◆ **Your assignment**:
Reproduce only what runs from the line containing "Ngoài ra, sự" to the line containing "您可通过完善门诊时间、咨询时" in the records below, inclusive. Keep it exact, and keep the pictures out.

########################################

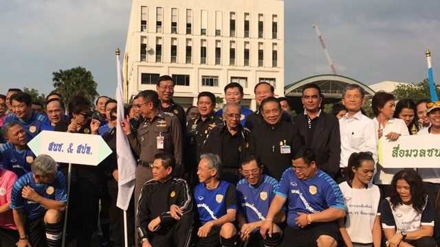 นายกรัฐมนตรีนำข้าราชการออกกำลังกายประจำสัปดาห์ พร้อมร่วมเตะตะกร้อกับทีมงาน
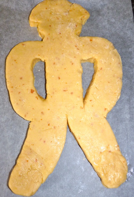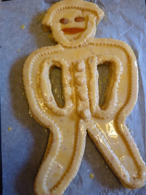 Découpe et mise sur place : avec un petit couteau d’office, entaillez comme suit en faisant un demi cercle pour le chapeau, des bandes pour le corps, les bras… pour les yeux, ma maîtresse s’est amusée à mettre des amandes et elle a confectionné la bouche avec un morceau d’écorce d’orange confite. Elle était en panne de raisins de Corinthe… qui peuvent être très bien aussi pour les boutons de l’uniforme. Il y a aussi une moustache… Oups, ma maîtresse a oublié ce détail !
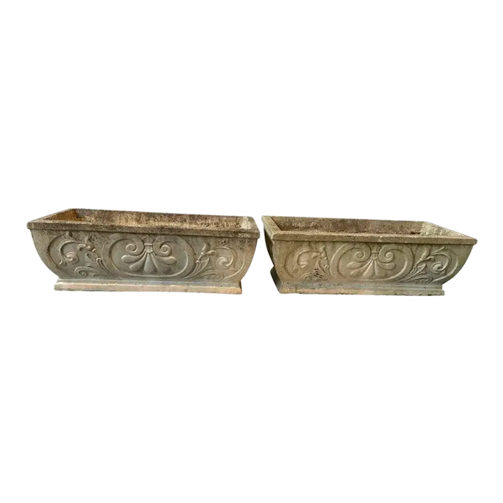 1950s Rectangular Concrete Planters. 5 Pairs Available.
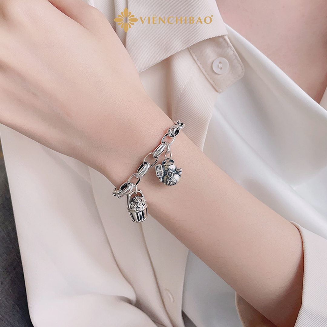 Ngoài ra, sự kết hợp giữa charm mèo, đồng xu và bi bạc còn thể hiện mong ước về cuộc sống đủ đầy, thuận lợi và an nhiên – rất phù hợp để làm quà tặng cho người thân, bạn bè hoặc đối tác kinh doanh.
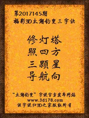 解3d第2017145期太湖字谜:
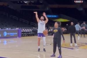 體育資訊10月18日訊 今天,湖人前鋒馬克西-克萊伯賽前在球館內(nèi)進行了三分訓(xùn)練。
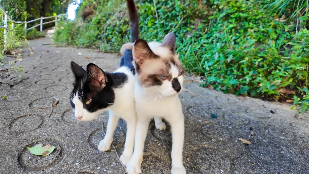 お互いを身体をスリスリさせながらあとをついてくる猫のカップル
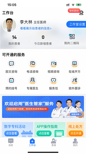 您可通过完善门诊时间、咨询时间、快捷回复等信息为自己打造一个更加舒适的使用体验;您甚至可以进行临时服务状态调整。
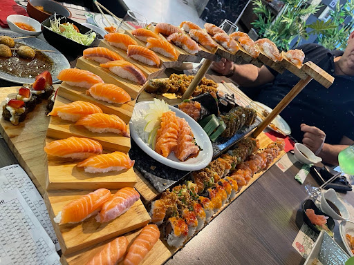Read morePrimeiro tenho que alertar para os vasos que puseram no estacionamento em frente ao restaurante. Servem para estragar parachoques, pois podem ficar (e ficam) em zonas que mesmo com sensores, os sensores não os detectam. Também há um estacionamento nas traseiras mas não sabíamos e não nos apercebemos. Em relação ao restaurante em si, este é gigante e apesar de ter muitas mesas, estas não ficam demasiado juntas e conseguimos ter privacidade. O restaurante está bem estruturado. A decoração é original, bonita e cuidada. Têm muitos empregados e por isso, mesmo com o restaurante cheio, conseguimos chama-los quando é necessário. A comida veio bastante rápido, mas fomos cedo. Eram 20h. O sushi é muito bom, mesmo o mais cru, menos apreciado pela maioria dos portugueses, é muito bom. Não têm só sushi.. têm também comida chinesa, carne e muitas outras coisas. A variedade é mesmo muito grande. A carta para escolhermos o que queremos, é por QR Code e apontamos em papeis os números e as respectivas quantidades. Pagámos cerca de 19€ por pessoa, mais as bebidas, sobremesas e cafés. Ficou em quase 30€ por pessoa. Pode-se pedir o que se quiser, mas atenção para não pedir demais a ponto de sobrar, pois o que sobrar levam para casa e pagam ao peso. As sobremesas são gigantes (esqueci-me de tirar foto). Escusado será dizer que é necessário marcar mesa, pois a afluência ao restaurante é...
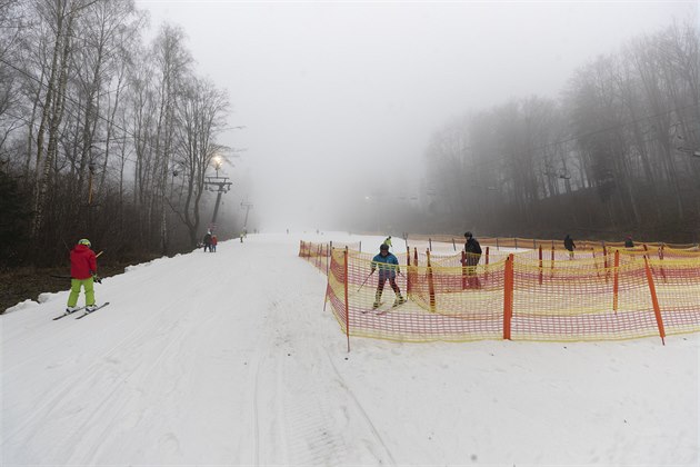 Úvod zimní sezóny v lyžařském areálu Monínec za zpřísněných pravidel kvůli koronaviru (19. prosince 2020)
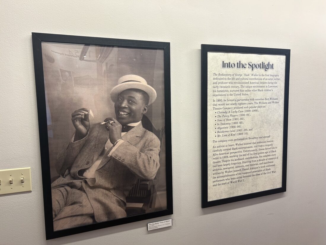 Part of Watkins Museum of History exhibit about George ‘Nash’ Walker, a Lawrence actor, writer and producer who revolutionized Black American theater at the turn of the 20th century. Steve Nowak, the executive director of the museum, said changes to criteria for federal grants have promoted “only certain kinds of projects,” with the Walker exhibit being one that might not receive federal support.
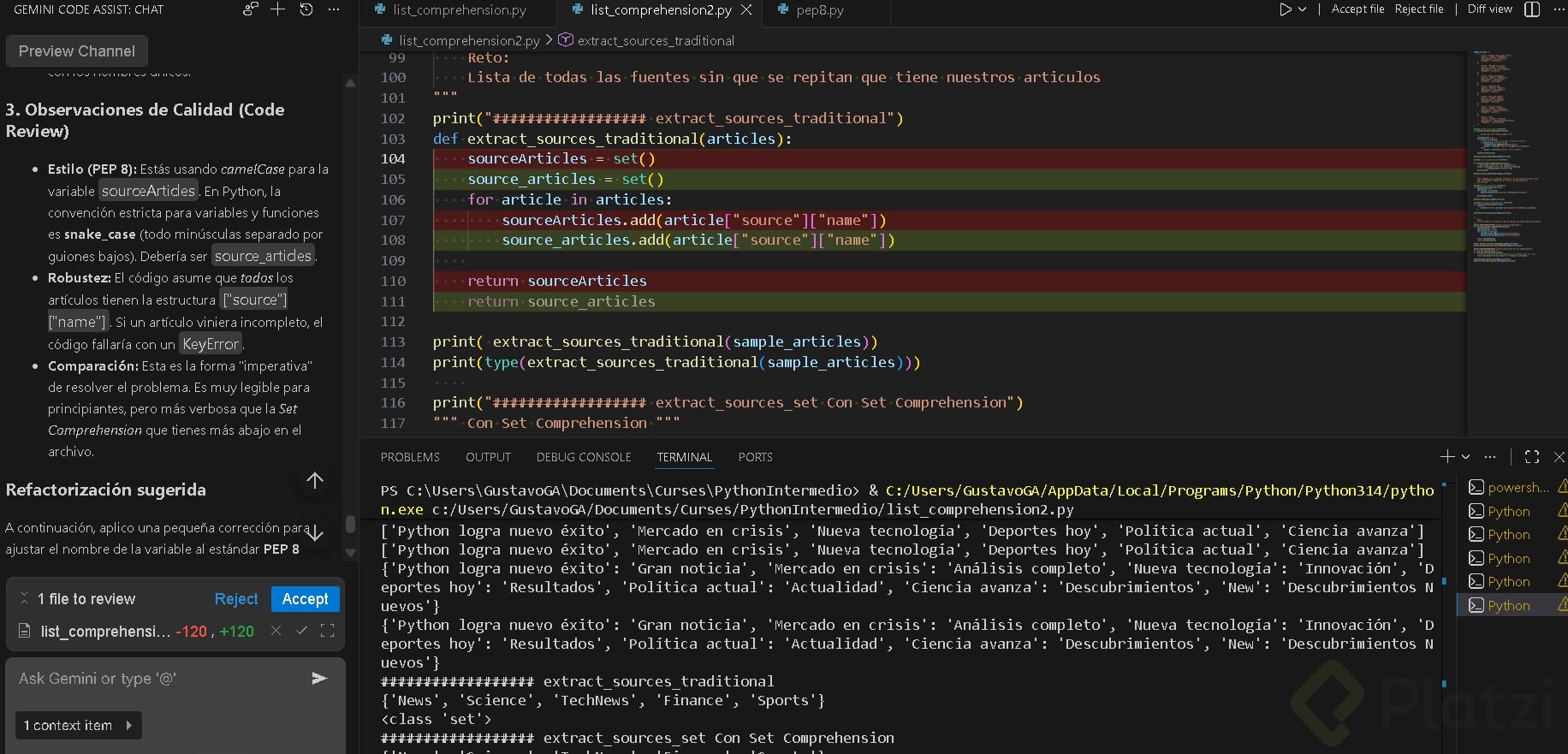 Las comprensiones en Python permiten escribir código más claro y conciso para procesar listas, diccionarios y sets. Aquí verás cómo extraer fuentes únicas y cómo categorizar artículos por su fuente usando set, list comprehension y dict comprehension. El enfoque prioriza legibilidad, evitar duplicados y menos código sin cambiar la lógica.
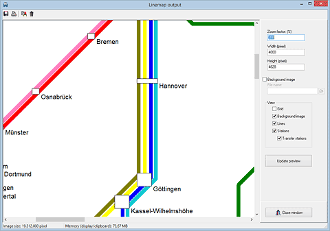 Für die Ausgabe kann der Liniennetzplan in die gewünschte Größe skaliert werden. Da der Liniennetzplan dabei komplett neu gezeichnet wird, können die sonst oft entstehenden Qualitätseinbußen – beispielsweise unscharfe Ränder – verhindert werden.
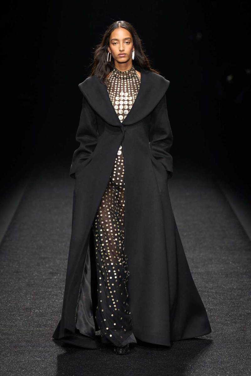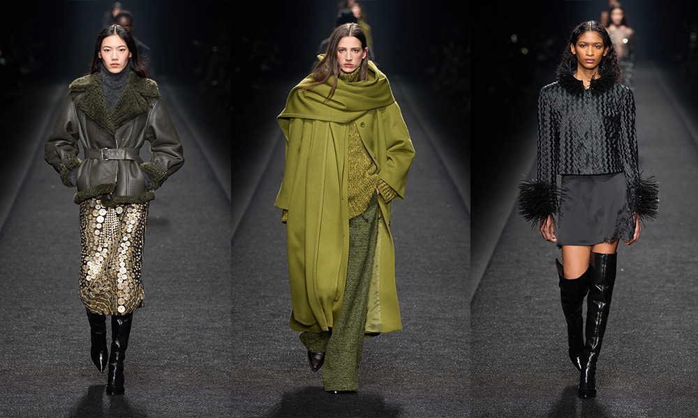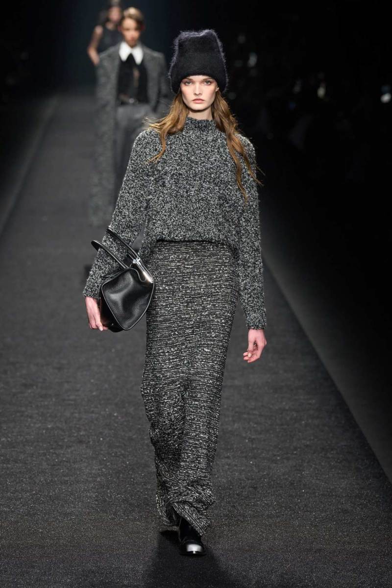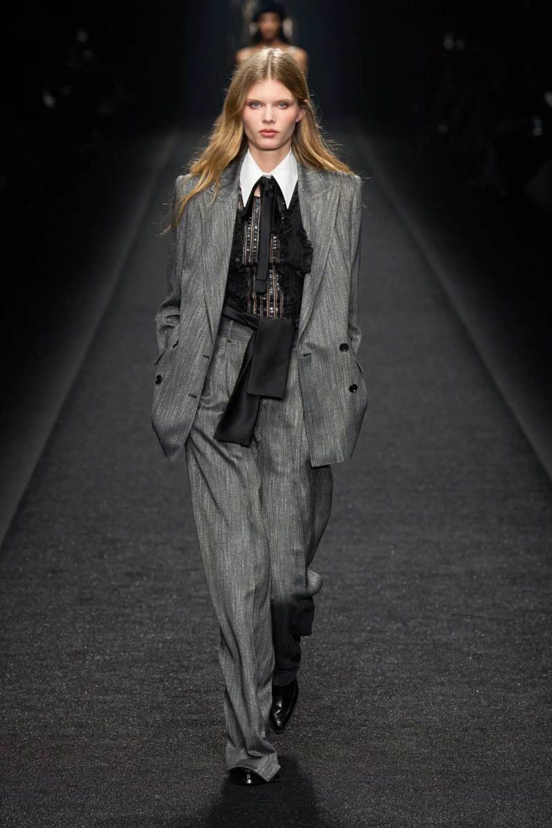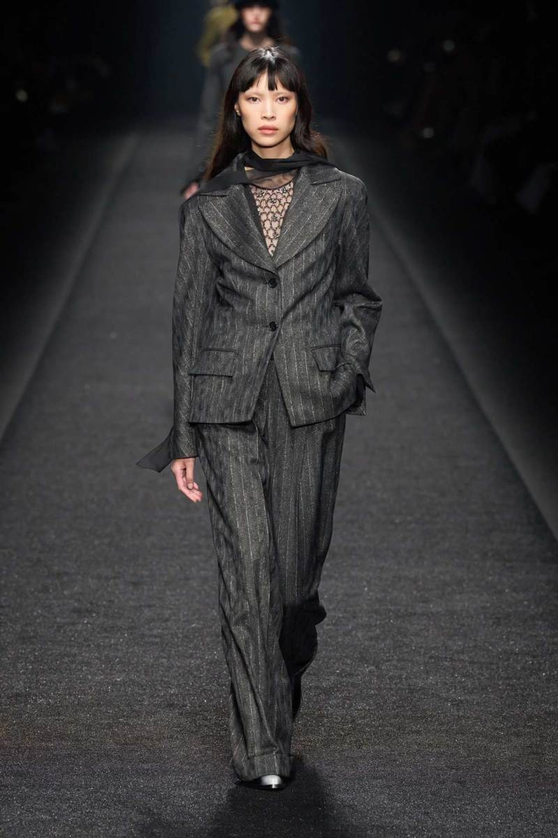 Elementi mascolini si fondono ad elementi femminili. Gli abiti e i tessuti sobri pensati per i look da giorno si contrappongono alla lucentezza dei ricami in paillettes che impreziosiscono gli abiti per la sera. Un mix perfetto di solidità e leggerezza. Da un lato le leggere sottovesti, dall’altro i gessati e i cappotti avvolgenti. Sono i modelli a esprimere l’identità dell’abito; ciascuno può darne una personale interpretazione. Non è il capo che veste il modello, ma in qualche modo è il modello che dona significato profondo all’abito.
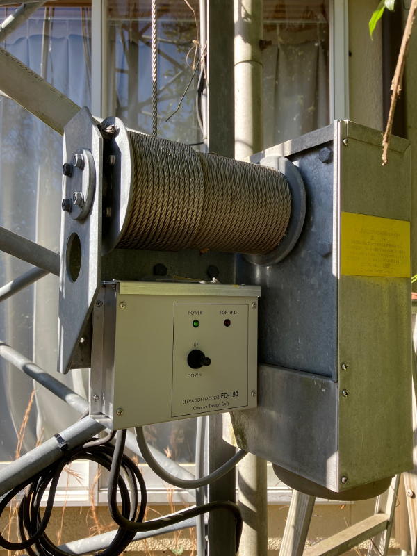 マストに設置。コネクターの接触不良で一旦下ろすも、22日に再度取り付け。ケーブルは整理されるが、アンテナは増える?(80mRDPと12mデルタループがスタンバイ中)
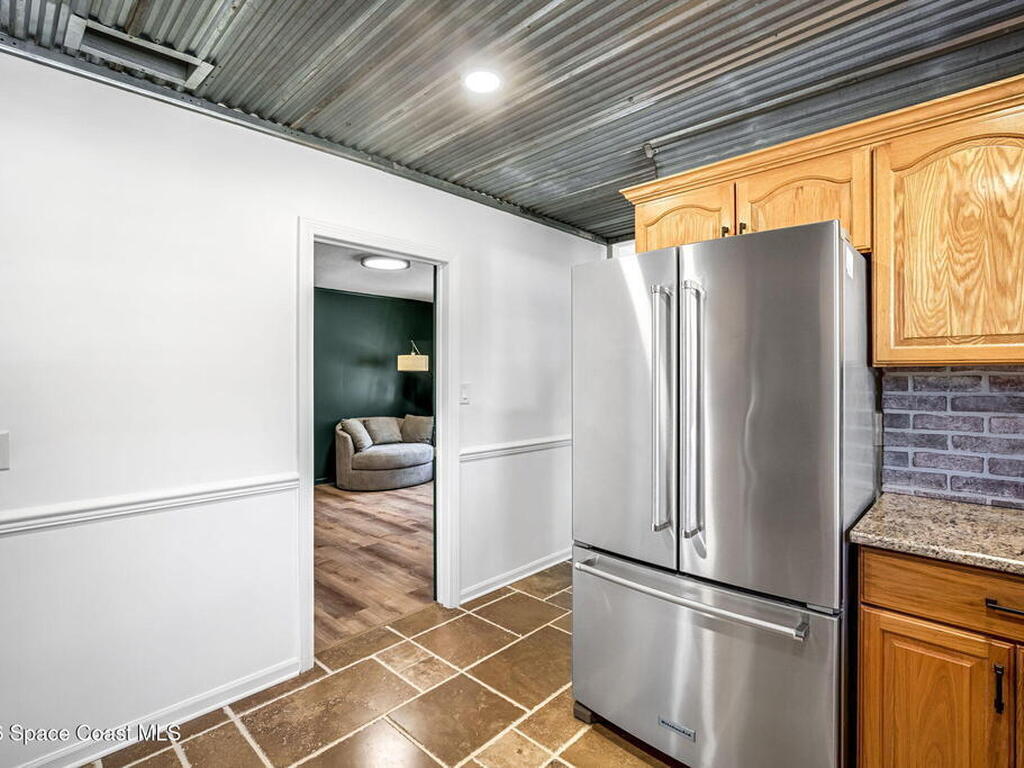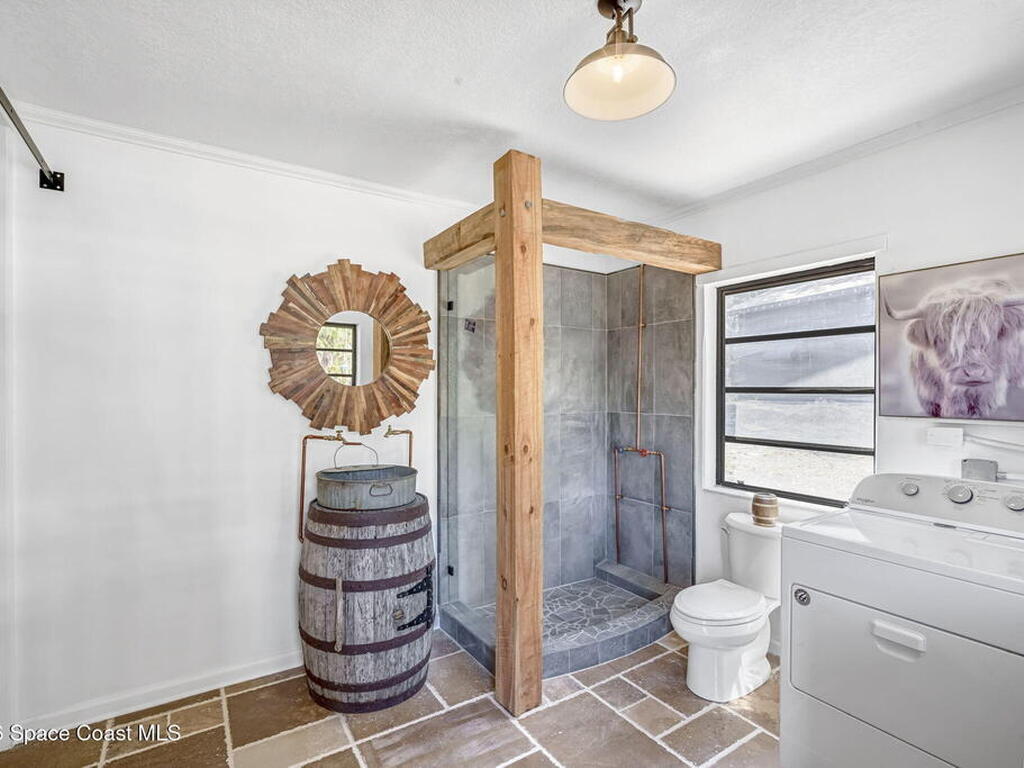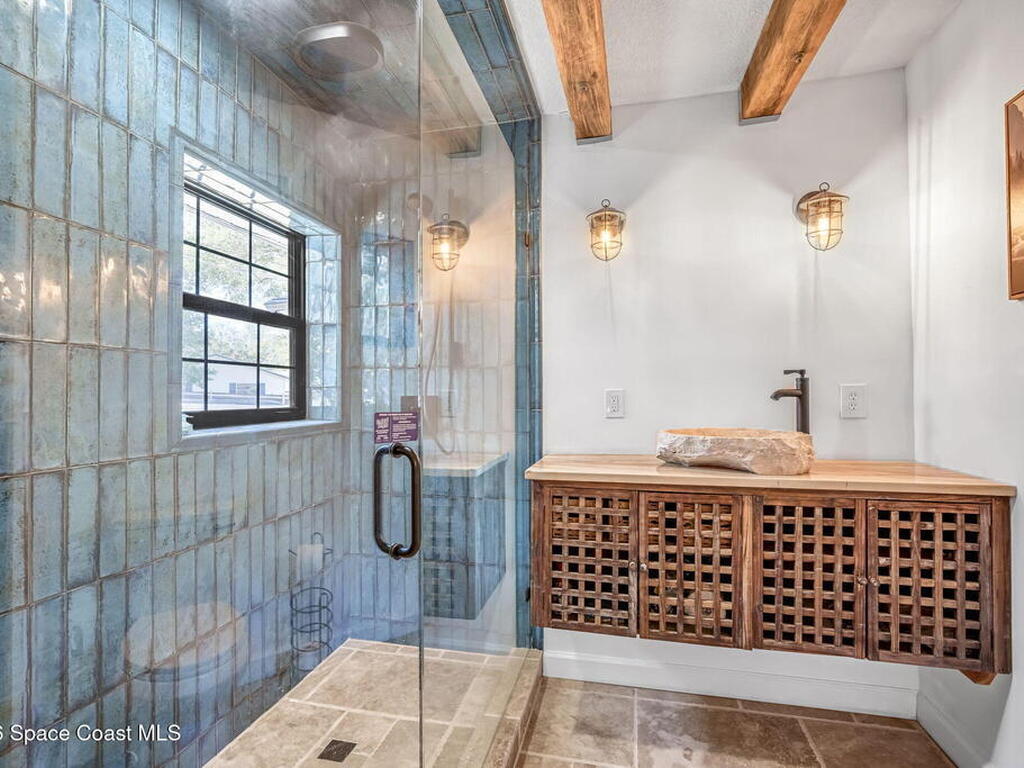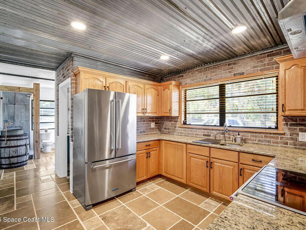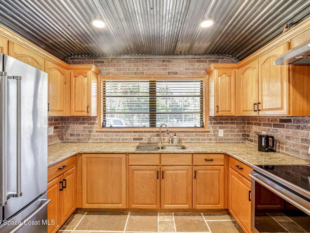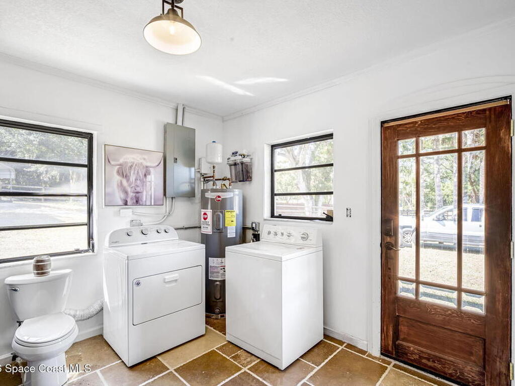 Step into this breathtaking one-of-a-kind 1940's country blending timeless character with high-quality modern upgrades, all set on a spacious .71-acre lot just blocks from the Indian River. Solidly built with concrete interior walls, this beautifully remodeled home showcases meticulous craftsmanship throughout, featuring all new plumbing, a butler's kitchen, updated bathrooms, new flooring, and premium finishes. sale, equipped with a newer electric panel, hurricane shutters, and gutters, septic system and roof. Inside, you'll find hardwood floors, a hand-laid brick fireplace, and tongue-and-groove Florida knotty pine ceiling accents that highlights this homes charm. The detached garage includes a built-in loft and shelving, perfect for a workshop, storage, or creative space. With NO HOA, a great location and plenty of room for boats, RVs, or future additions, this property delivers privacy, quality, and flexibility all in one.
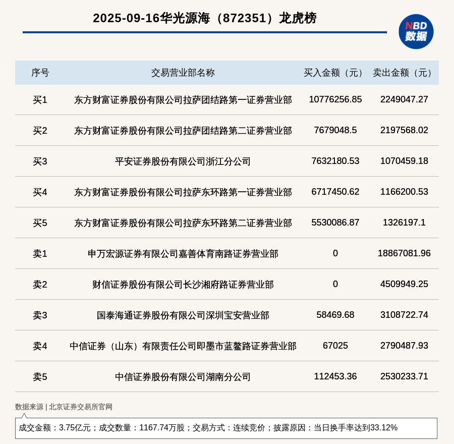每經(jīng)訊,2025年9月16日,北交所上市公司華光源海(872351,收盤價:32.8元)登上龍虎榜,交易方式是連續(xù)競價,披露原因是當(dāng)日換手率達(dá)到33.12%,成交數(shù)量1167.74萬股,成交金額3.75億元。買一席位為東方財富證券股份有限公司拉薩團(tuán)結(jié)路第一證券營業(yè)部,買入1077.63萬元;賣一席位為申萬宏源證券有限公司嘉善體育南路證券營業(yè)部,賣出1886.71萬元。

########################################

◆ **Expected output**:
 Ngoài ra, sự kết hợp giữa charm mèo, đồng xu và bi bạc còn thể hiện mong ước về cuộc sống đủ đầy, thuận lợi và an nhiên – rất phù hợp để làm quà tặng cho người thân, bạn bè hoặc đối tác kinh doanh.
 解3d第2017145期太湖字谜:
 體育資訊10月18日訊 今天,湖人前鋒馬克西-克萊伯賽前在球館內(nèi)進行了三分訓(xùn)練。
 お互いを身体をスリスリさせながらあとをついてくる猫のカップル
 您可通过完善门诊时间、咨询时间、快捷回复等信息为自己打造一个更加舒适的使用体验;您甚至可以进行临时服务状态调整。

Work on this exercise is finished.